(TO DO)
Retype the whole listing, please, keeping every line exact and dropping the pictures.
──────── RECORDED INFORMATION ────────
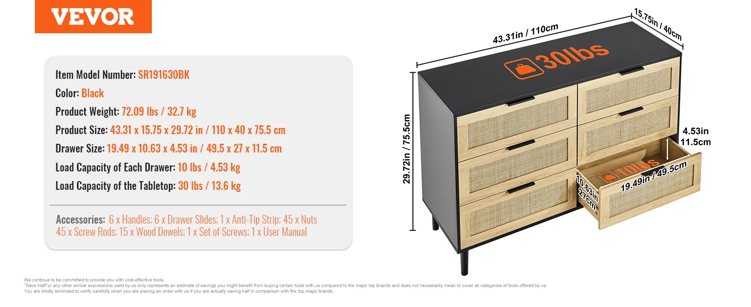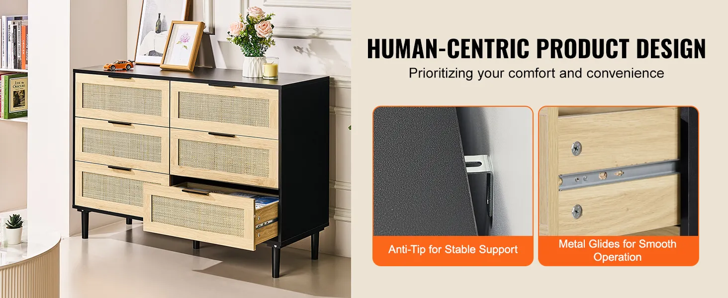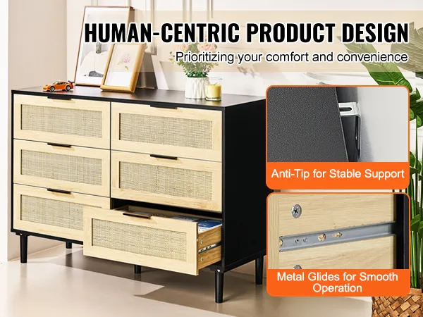 Het is ontworpen voor uw comfort. Het kantelbeveiligingssysteem zorgt voor een veilige stand en de metalen glijders op elke lade zorgen voor een soepele en stille opening en sluiting, waardoor het een gebruiksvriendelijke toevoeging aan uw huis is.
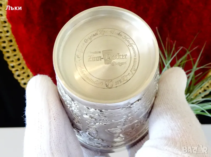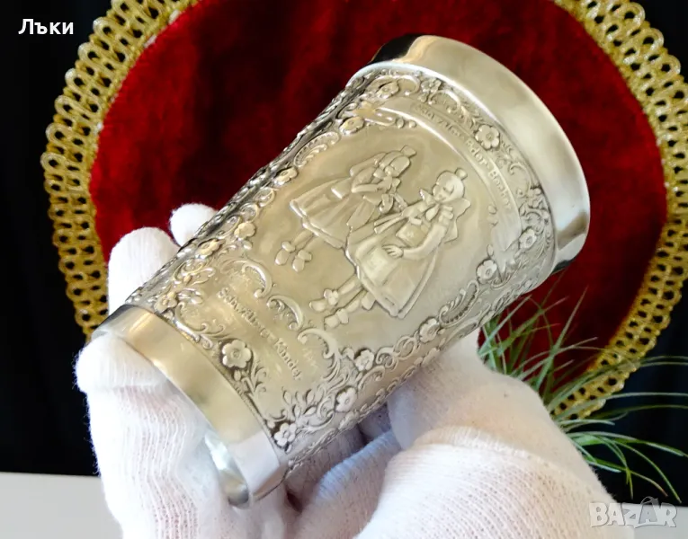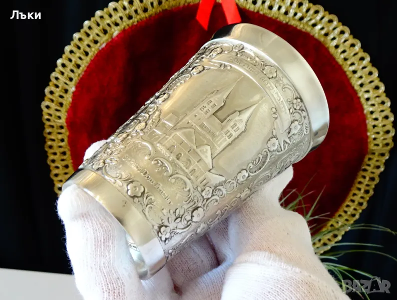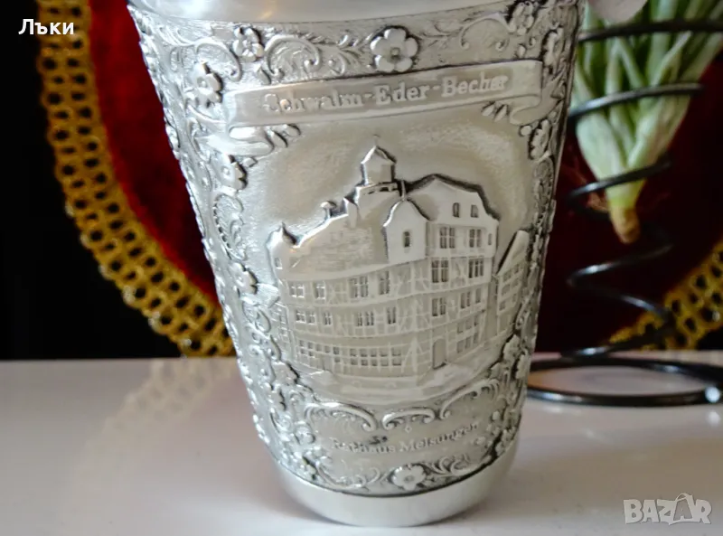 85% калай и 15% сребро,маркирана от производителя в Щутгард.Декорирана с релефно гравирани изображения на Църква и Катедрала в района на Schwalm по
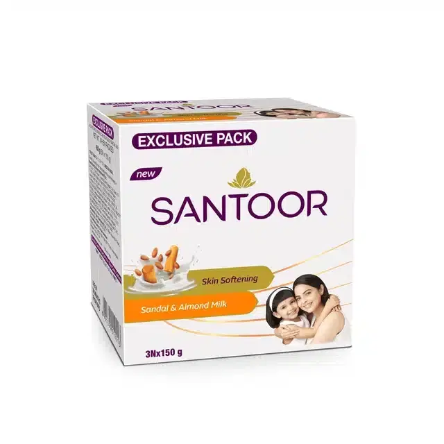 Santoor Sandal & Almond Milk Skin Softing Soap 3X150 g (Pack Of 3) - Buy Online at CityMall
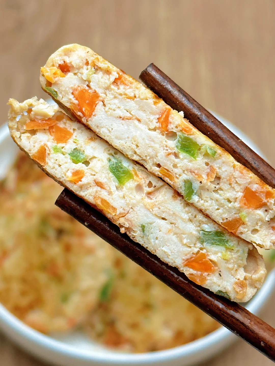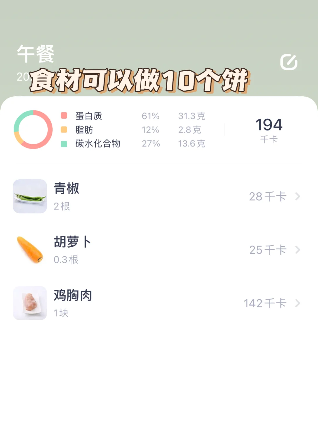🥗食材:鸡胸肉1块、胡萝卜、青椒(做了10个饼)
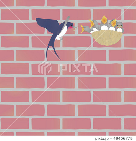 ツバメの親子とレンガの壁
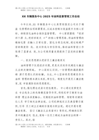 / 【七哥公文】2025年:XX车辆服务中心2025年油料监督管理工作总结+更多免费公文+VX:QiGeGongWen2024
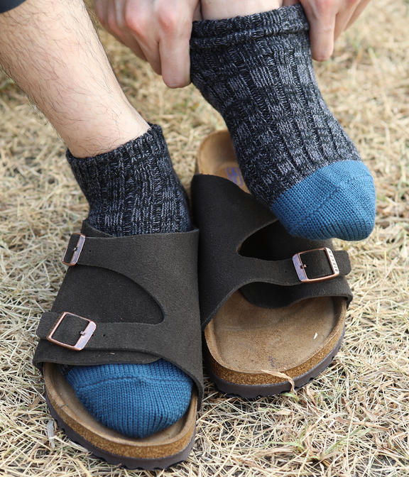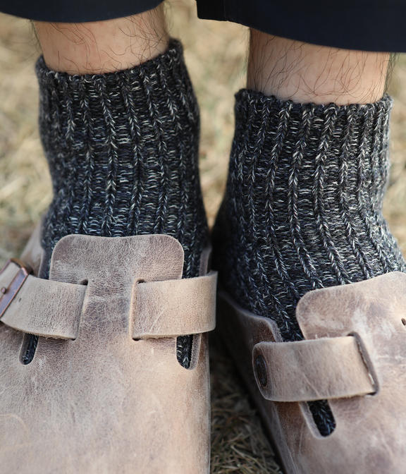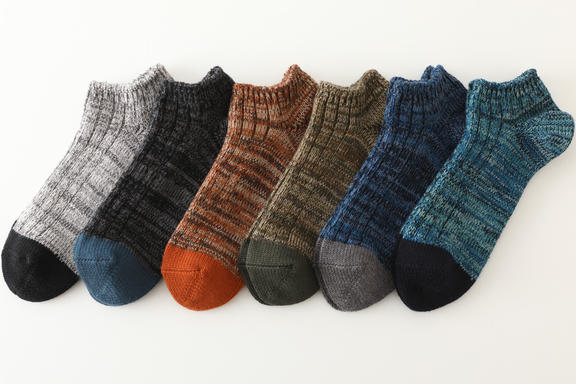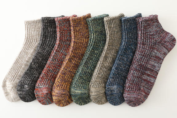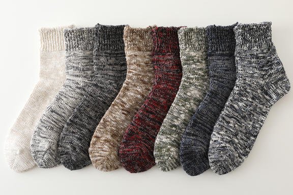 本格ラグのようなナチュラルでタフな表情を、 フシ感が特徴の、「ヘンプコットン」スラブ糸で再現。 スラブミックスショートソックス ¥990(税込)
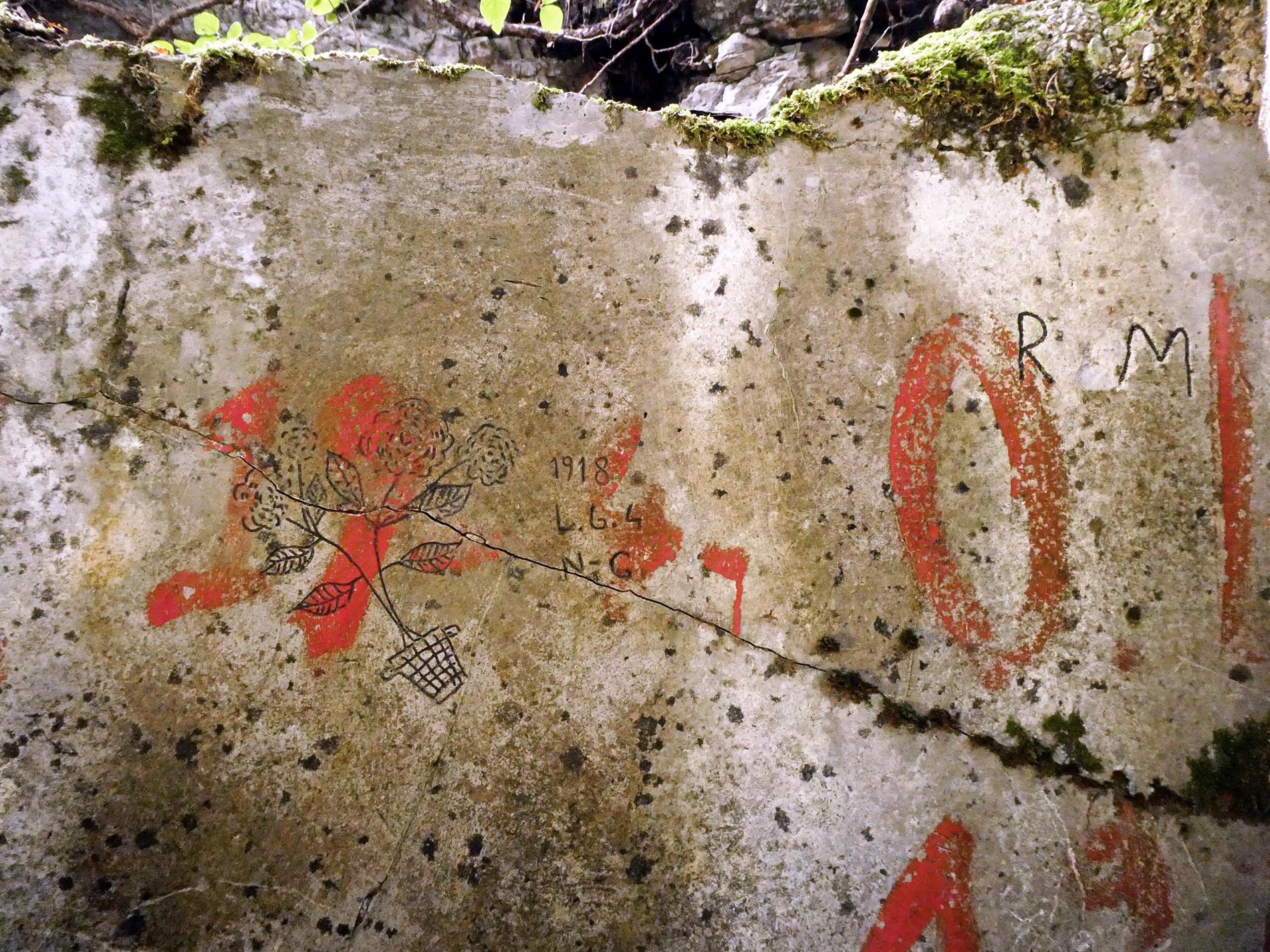 Iscrizione raffigurante un vaso di fiori con iniziali di militari - Cima Vai
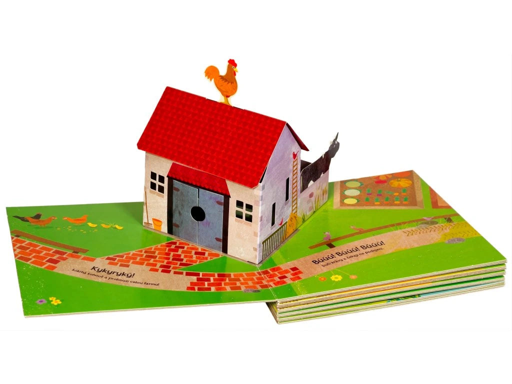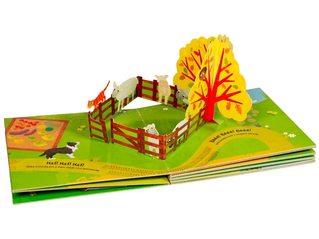 Rozkládací oboustranná kniha s pop-up prvky a papírovými figurkami zaručí spoustu zábavy a i poučení o zvířatech a farmě.
────────
(EXERCISE ANSWER)
 Het is ontworpen voor uw comfort. Het kantelbeveiligingssysteem zorgt voor een veilige stand en de metalen glijders op elke lade zorgen voor een soepele en stille opening en sluiting, waardoor het een gebruiksvriendelijke toevoeging aan uw huis is.
 85% калай и 15% сребро,маркирана от производителя в Щутгард.Декорирана с релефно гравирани изображения на Църква и Катедрала в района на Schwalm по
 Santoor Sandal & Almond Milk Skin Softing Soap 3X150 g (Pack Of 3) - Buy Online at CityMall
🥗食材:鸡胸肉1块、胡萝卜、青椒(做了10个饼)
 ツバメの親子とレンガの壁
 / 【七哥公文】2025年:XX车辆服务中心2025年油料监督管理工作总结+更多免费公文+VX:QiGeGongWen2024
 本格ラグのようなナチュラルでタフな表情を、 フシ感が特徴の、「ヘンプコットン」スラブ糸で再現。 スラブミックスショートソックス ¥990(税込)
 Iscrizione raffigurante un vaso di fiori con iniziali di militari - Cima Vai
 Rozkládací oboustranná kniha s pop-up prvky a papírovými figurkami zaručí spoustu zábavy a i poučení o zvířatech a farmě.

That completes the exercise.